╔══

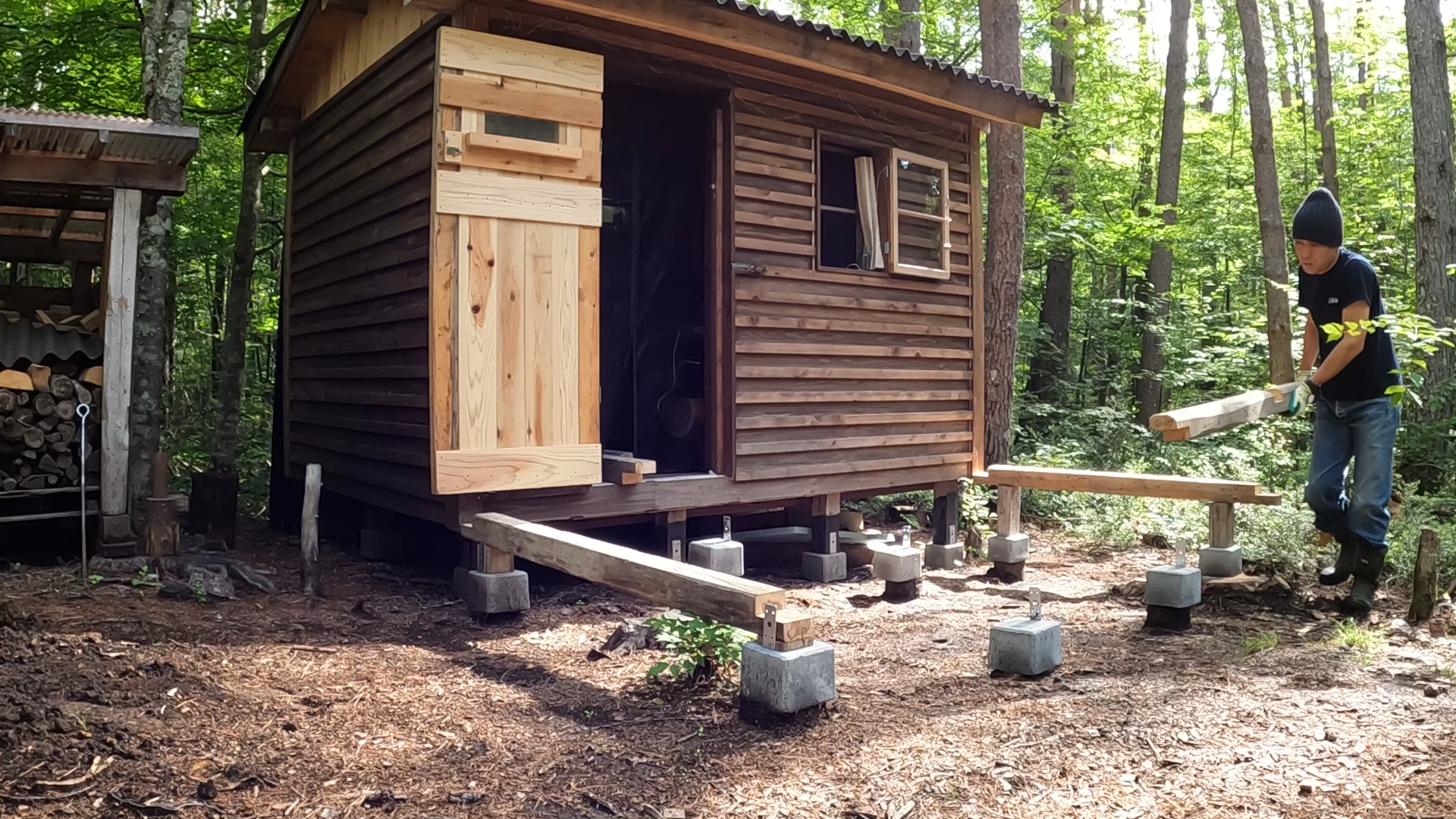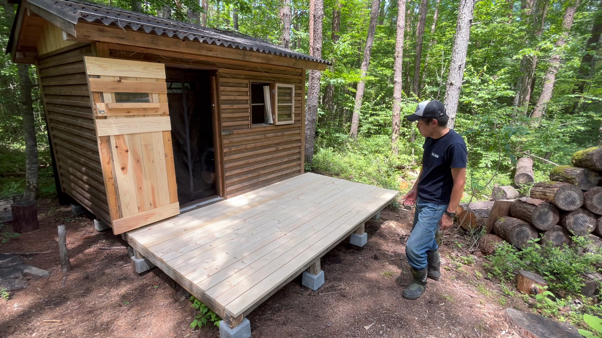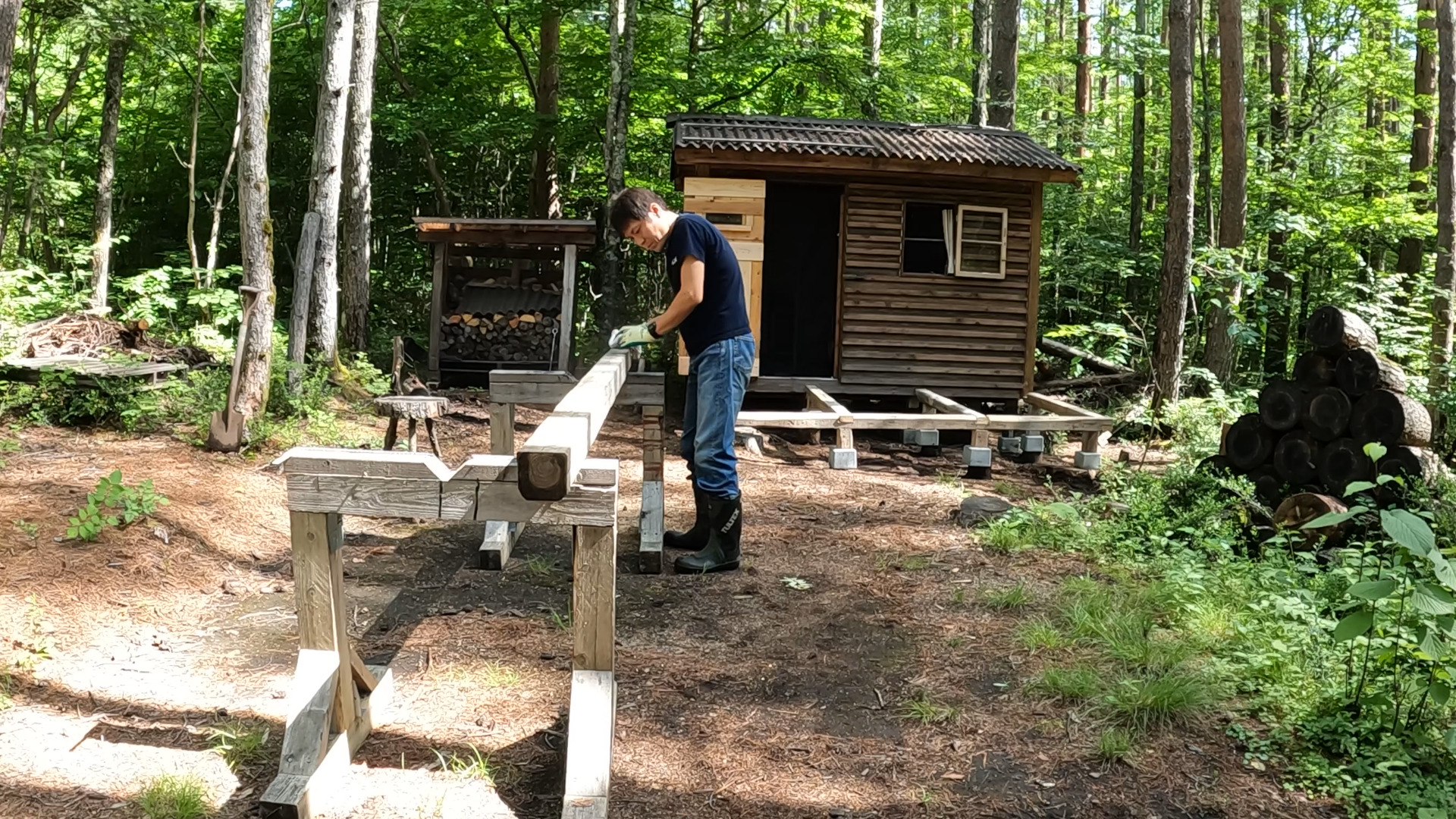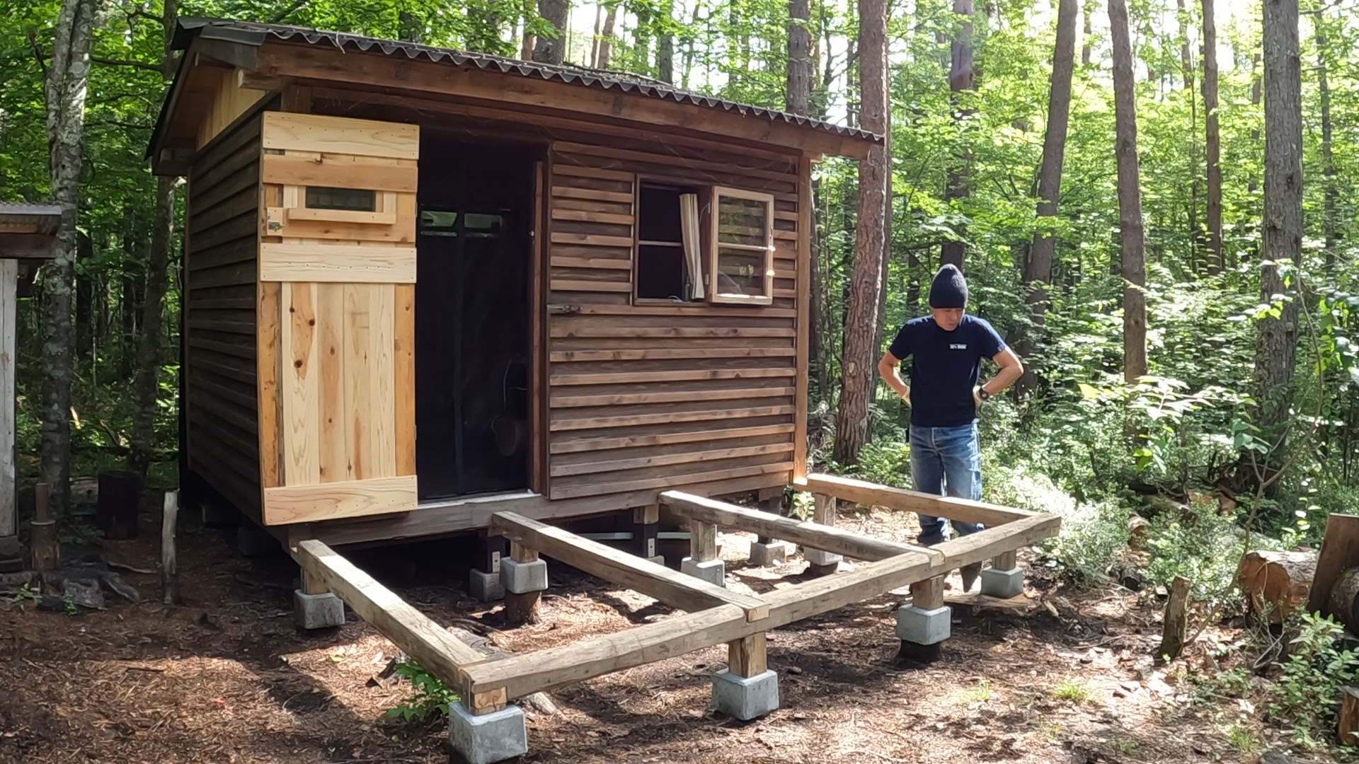 2020年の8月に開拓をスタートして、物置小屋、薪棚、雨水貯水システム、そして小さな小さな山小屋を建てました。
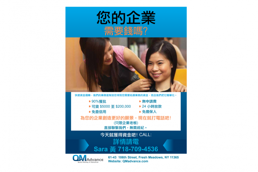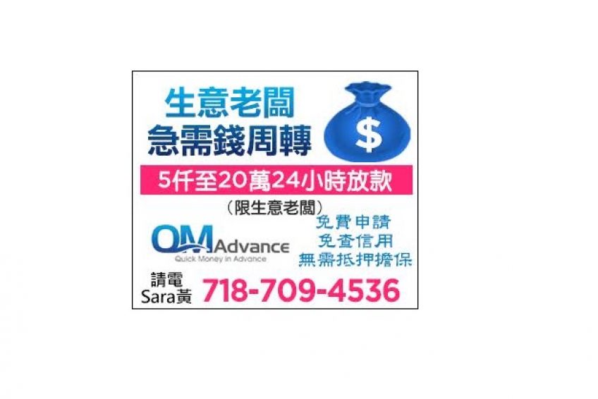 QM Advance 小商家快速資金周轉貸款 請電: 718-709-4536 纽约小商业贷款
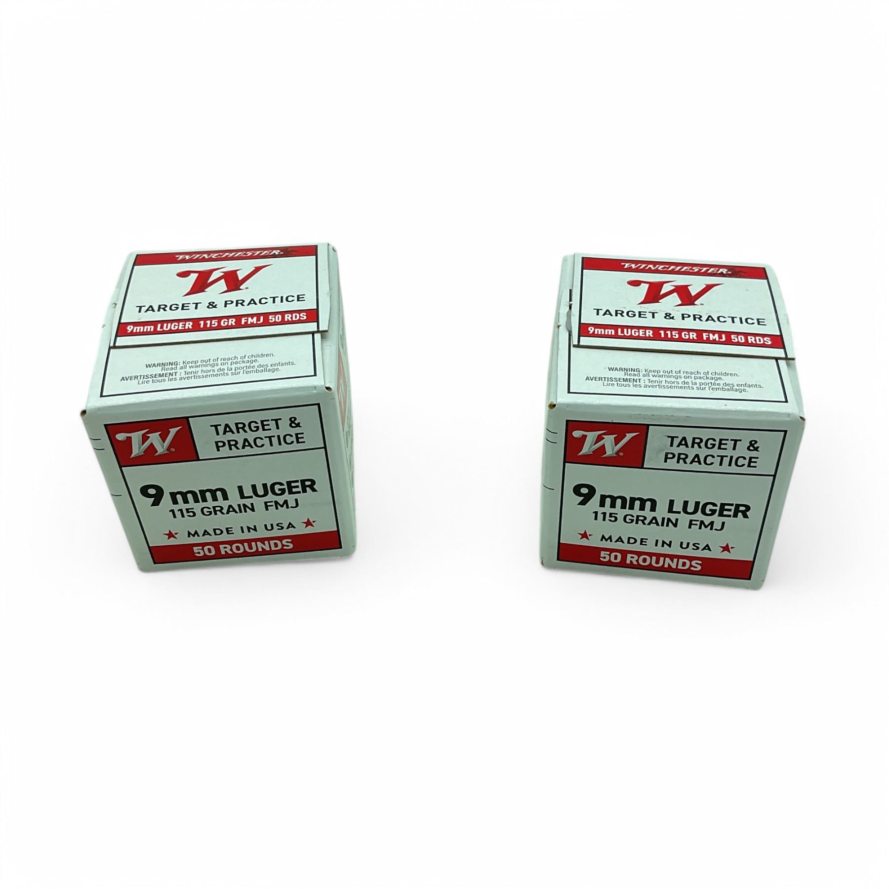 Lot 2015 Winchester Target and Practice 9 mm 115 Grain FMJ Ammunition, 100 Rounds
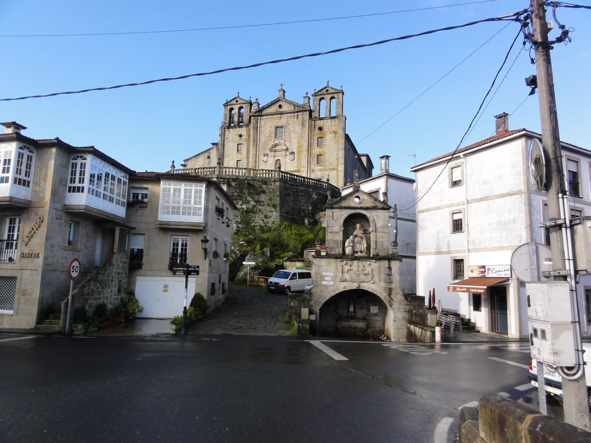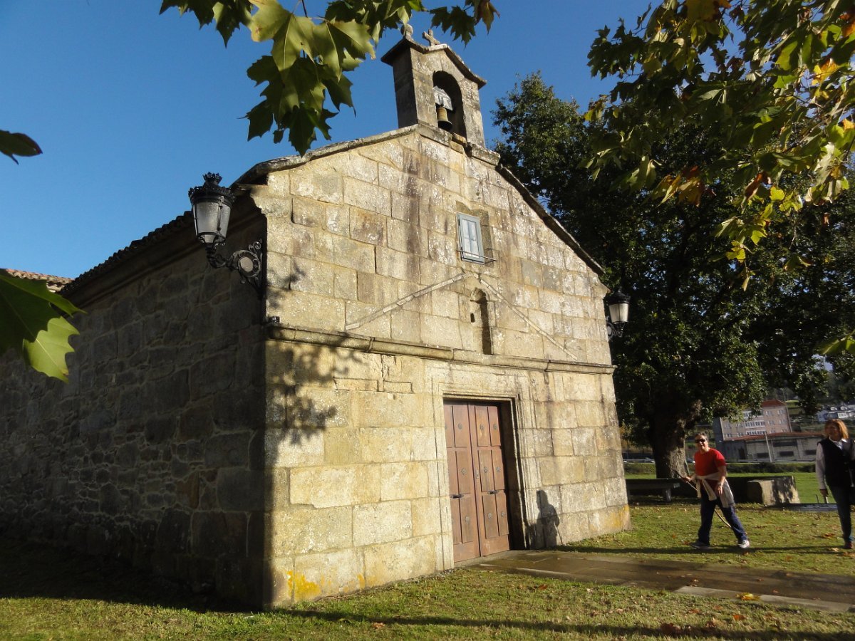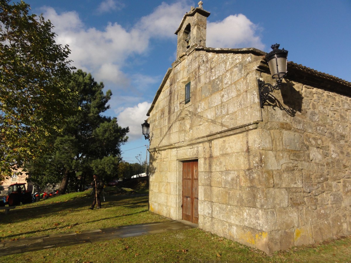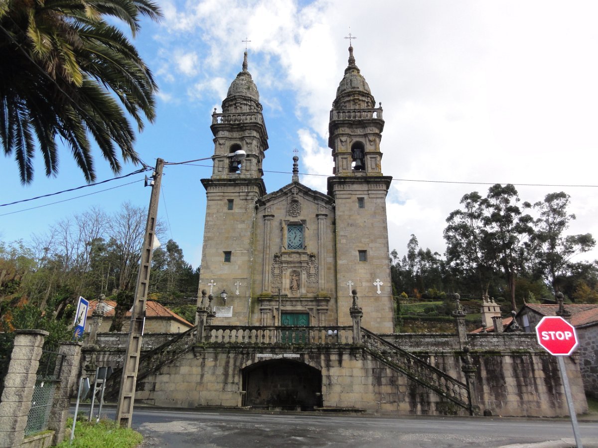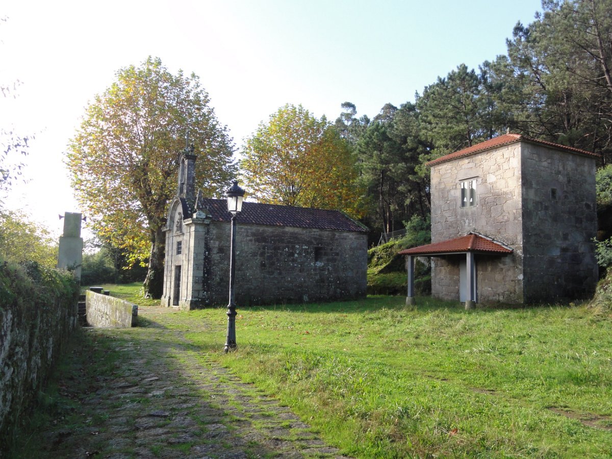 Passada Iria Flavia seguimos mais uma vez a N550, ao longo de um quilómetro saindo depois para poente para percorrer o curioso enfiamento de aldeias - Romaris, Rueiro, Cambelas, Anteportas, Tarrío e Vilar - até chegar, de novo, junto à N550, ao magnífico Santuário da Nosa Señora da Escravitute.
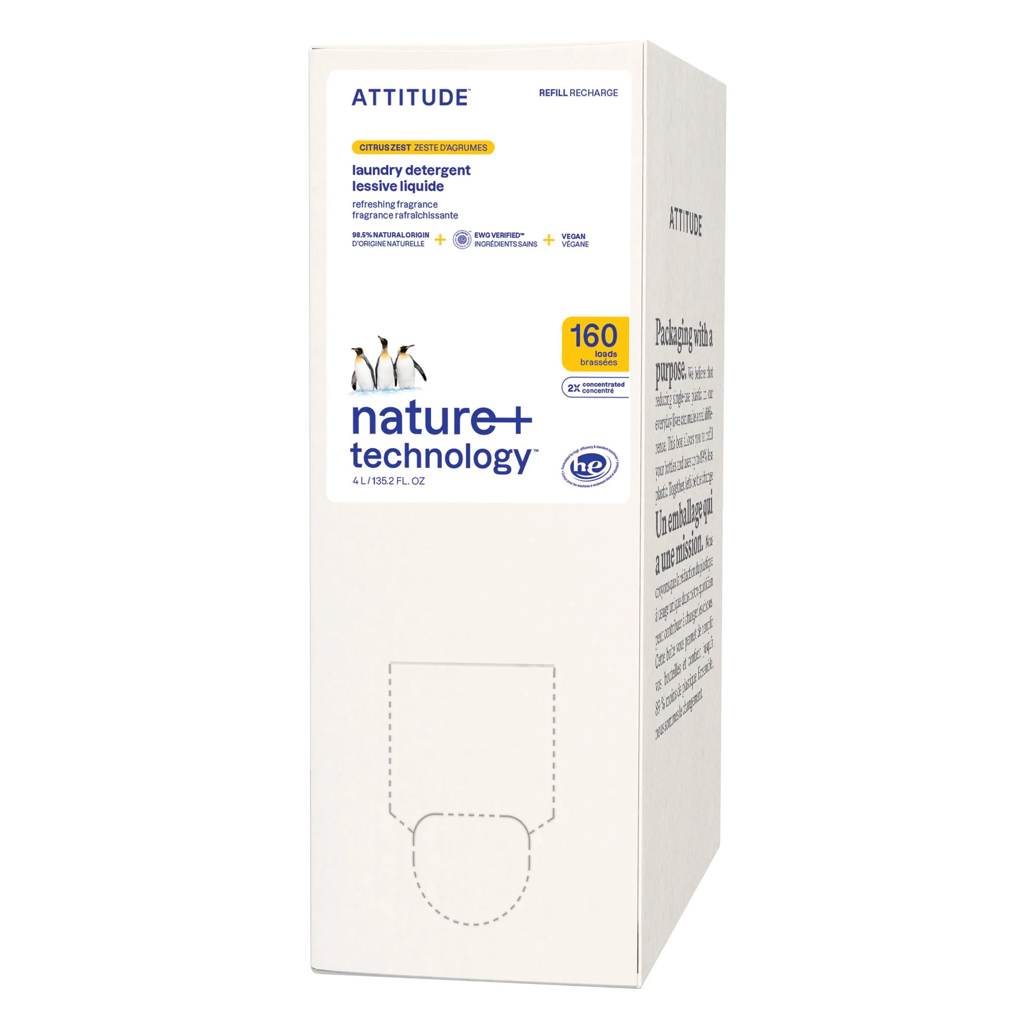 Formulated with 98% naturally derived ingredients, ATTITUDE⢠laundry detergent packs excellent detergent power and is free of enzymes. Its invigorating citrus top notes blend harmoniously with floral and herbaceous lavender. Its concentrated formula allows you to do more loads while using the same amount of detergent. Our laundry detergent is effective for cold water wash, saving you energy. Its vegan formula is certified by PETA and is offered in a 4L eco-refill format thatâs easy to use at home.
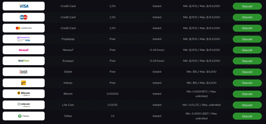 - 💰 Maestro y Mastercard: Depósito mínimo de 10€ y máximo de 4,000€. Tasa del 2.5%.
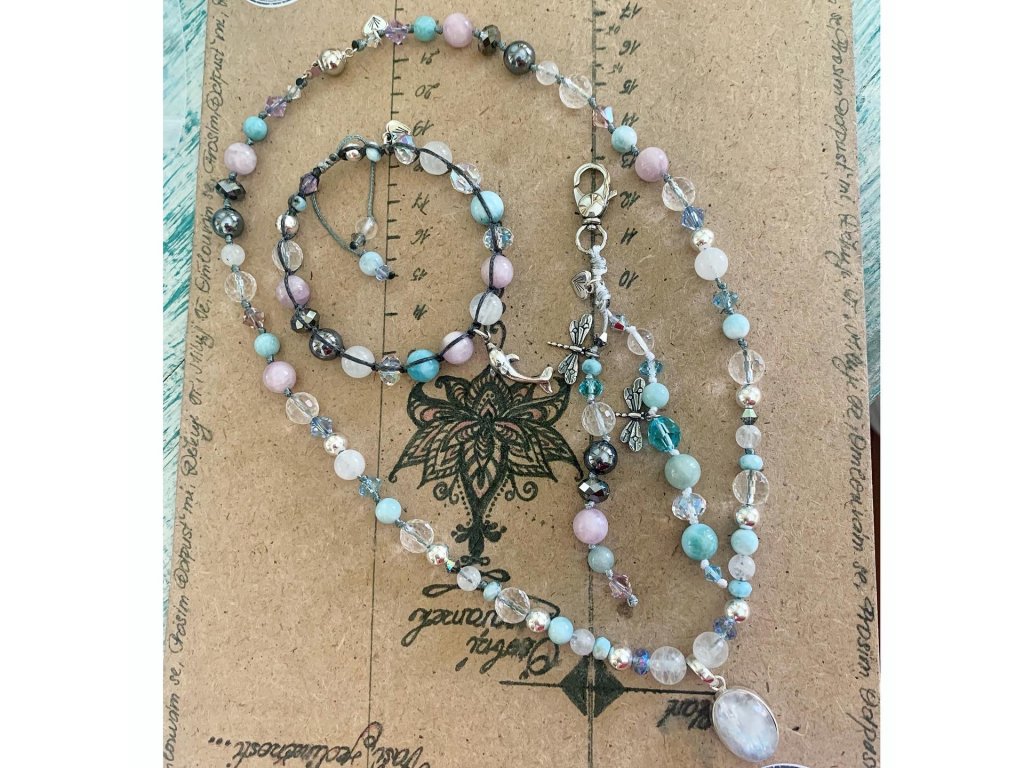 3) Tvoření - Podobu Vašeho náhrdelníku můžete ovlivnit nebo nemusíte, záleží na Vás. V zadání máte možnost si zvolit co chcete nebo naopak nechcete. Po jeho přečtení design "spatřím" - někde ve své představě a pak začnu navlékat a při tomto procesu se řídím intuicí. Kameny a komponenty, které vyberu přímo pro Vás (stříbro, komponenty Swarovski, popř. dřevo), navlékám na voskovanou nit (používám mnoho barev a každá má svůj význam). Náhrdelník je v průběhu času možné kdykoli převléknout.

╚══

Task item
Copy out the data verbatim, excluding the pictures.

Output of the exercise
 2020年の8月に開拓をスタートして、物置小屋、薪棚、雨水貯水システム、そして小さな小さな山小屋を建てました。
 QM Advance 小商家快速資金周轉貸款 請電: 718-709-4536 纽约小商业贷款
 Lot 2015 Winchester Target and Practice 9 mm 115 Grain FMJ Ammunition, 100 Rounds
 Passada Iria Flavia seguimos mais uma vez a N550, ao longo de um quilómetro saindo depois para poente para percorrer o curioso enfiamento de aldeias - Romaris, Rueiro, Cambelas, Anteportas, Tarrío e Vilar - até chegar, de novo, junto à N550, ao magnífico Santuário da Nosa Señora da Escravitute.
 Formulated with 98% naturally derived ingredients, ATTITUDE⢠laundry detergent packs excellent detergent power and is free of enzymes. Its invigorating citrus top notes blend harmoniously with floral and herbaceous lavender. Its concentrated formula allows you to do more loads while using the same amount of detergent. Our laundry detergent is effective for cold water wash, saving you energy. Its vegan formula is certified by PETA and is offered in a 4L eco-refill format thatâs easy to use at home.
 - 💰 Maestro y Mastercard: Depósito mínimo de 10€ y máximo de 4,000€. Tasa del 2.5%.
 3) Tvoření - Podobu Vašeho náhrdelníku můžete ovlivnit nebo nemusíte, záleží na Vás. V zadání máte možnost si zvolit co chcete nebo naopak nechcete. Po jeho přečtení design "spatřím" - někde ve své představě a pak začnu navlékat a při tomto procesu se řídím intuicí. Kameny a komponenty, které vyberu přímo pro Vás (stříbro, komponenty Swarovski, popř. dřevo), navlékám na voskovanou nit (používám mnoho barev a každá má svůj význam). Náhrdelník je v průběhu času možné kdykoli převléknout.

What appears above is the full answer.